During the late​ 1970s, prices quoted in terms of the Israeli​ currency, the​ shekel, rose so fast that grocery stores listed their prices in terms of the U.S. dollar and provided customers with​ dollar-shekel conversion tables that they updated daily. Although people continued to buy goods and services and make loans using​ shekels, many Israeli citizens converted shekels to dollars to avoid a reduction in their wealth due to inflation.​ Thus, the U.S. dollar functioned as money in Israel during this period

Part 2
A.
as a standard of deferred payment.
B.
as a credit card.
C.
as a unit of accounting
.
D.
as a medium of exchange.

D. as a medium of exchange.

wrong answer.

Apologies for the incorrect answer. Given the context provided, the correct answer is:

A. as a standard of deferred payment.

No, C is the answer.

Apologies for the confusion. You are correct. In the given context, the U.S. dollar being used as a unit of accounting is the correct answer. Thank you for pointing that out.

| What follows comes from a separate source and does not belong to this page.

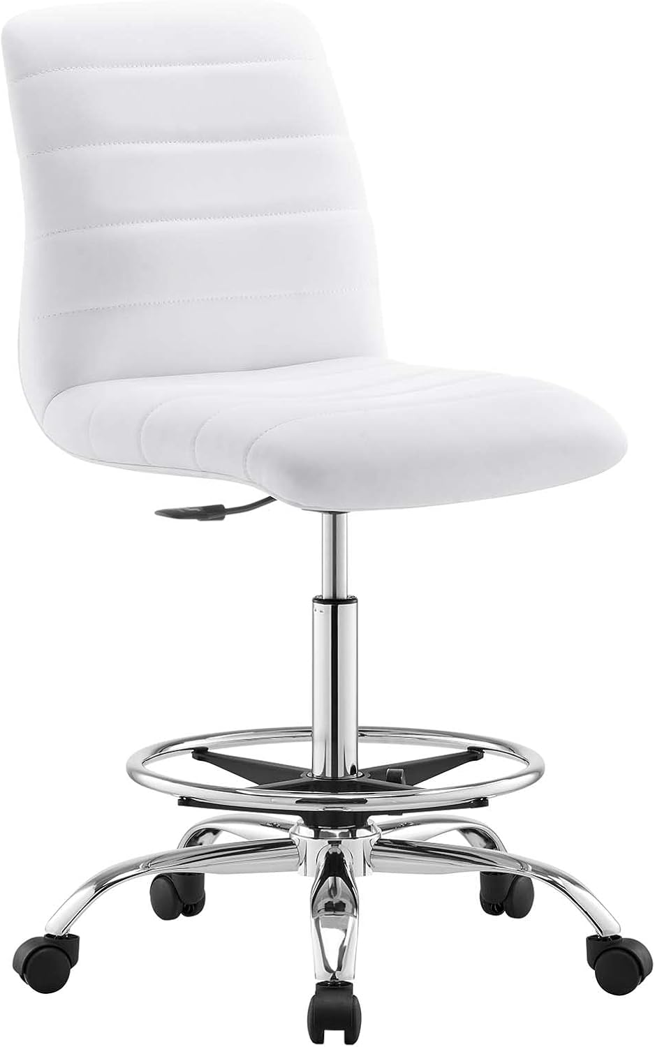 Focus on the task at hand while bringing modern style to your workspace with the Ripple Armless Drafting Chair. Outfitted with a chrome metal frame and five dual-wheel casters for easy mobility over hardwood or carpeted surfaces, this padded drafting stool is upholstered in durable vegan leather and covered in dense foam for added comfort. An ergonomic choice for workstations, this vegan leather drafting-height office chair features a mid-back design, channel tufting, and fine stitching throughout. This drafting chair is fully height adjustable with a 360-degree swivel and its drafting-height makes it suitable for standing desks, drafting tables, reception desks, and more. Assembly required. Weight Capacity: 287 lbs.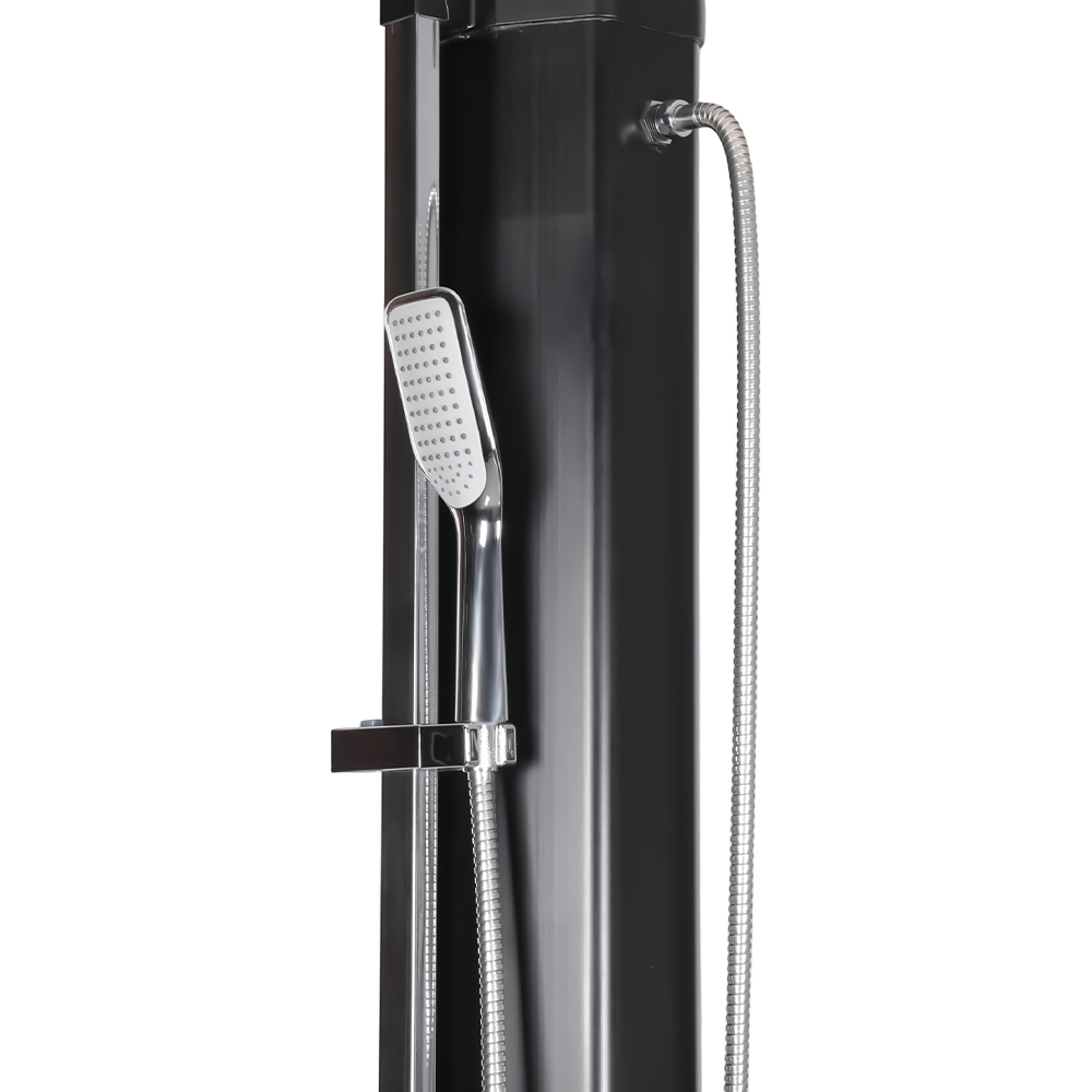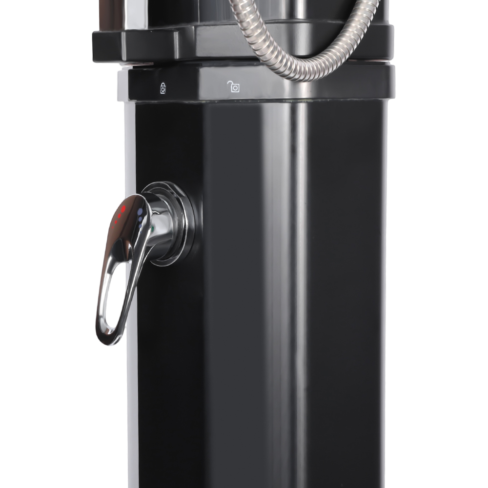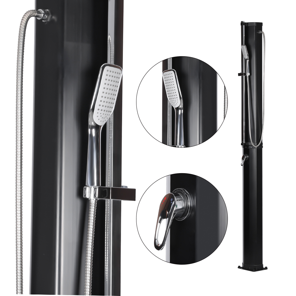 Deze LY35L08-HB stabiele en efficiënte zonnedouche met grote capaciteit werkt efficiënt met behulp van zonlicht. De grote douchepijp van 35 liter verwarmt het water tot ongeveer 60°C bij voldoende zonlicht. Bijvullen is eenvoudig, vereist geen elektriciteit en kan eenvoudig worden uitgevoerd door verbinding te maken met een standaard tuinslang. De grote regendouchekop zorgt voor een comfortabele verkoeling en dankzij het geïntegreerde kogelgewricht kan hij in verschillende hoeken tot 180° draaien. Installatie is ook erg handig. De algehele structuur is gemaakt van duurzaam, UV-bestendig plastic, dat effectief bestand is tegen langdurige blootstelling aan de buitenlucht. De douchekop kan snel worden gedemonteerd voor eenvoudig transport tussen locaties of opslag buiten het seizoen. Een stevige metalen basis zorgt voor stabiliteit en veiligheid zodra deze is geïnstalleerd, zodat u kunt genieten van een comfortabele buitendouche in uw tuin, bij het zwembad of op de camping.

D. as a medium of exchange.

During the late 1970s in Israel, the U.S. dollar served as a medium of exchange. This means that the U.S. dollar was widely accepted as a form of payment for goods and services. Grocery stores listed their prices in terms of the U.S. dollar to provide stability to customers amidst the rapidly rising prices in the Israeli shekel.

Customers were provided with daily updated dollar-shekel conversion tables, which allowed them to convert their shekels into dollars for the purpose of buying goods and services. By doing so, people aimed to protect their wealth from losing value due to high inflation. Despite making loans and conducting other financial transactions using the shekel, the preference for converting shekels to dollars represented the widespread use of the U.S. dollar as a medium of exchange during that period.

So, in summary, the U.S. dollar functioned as money in Israel during that time as a medium of exchange (option D).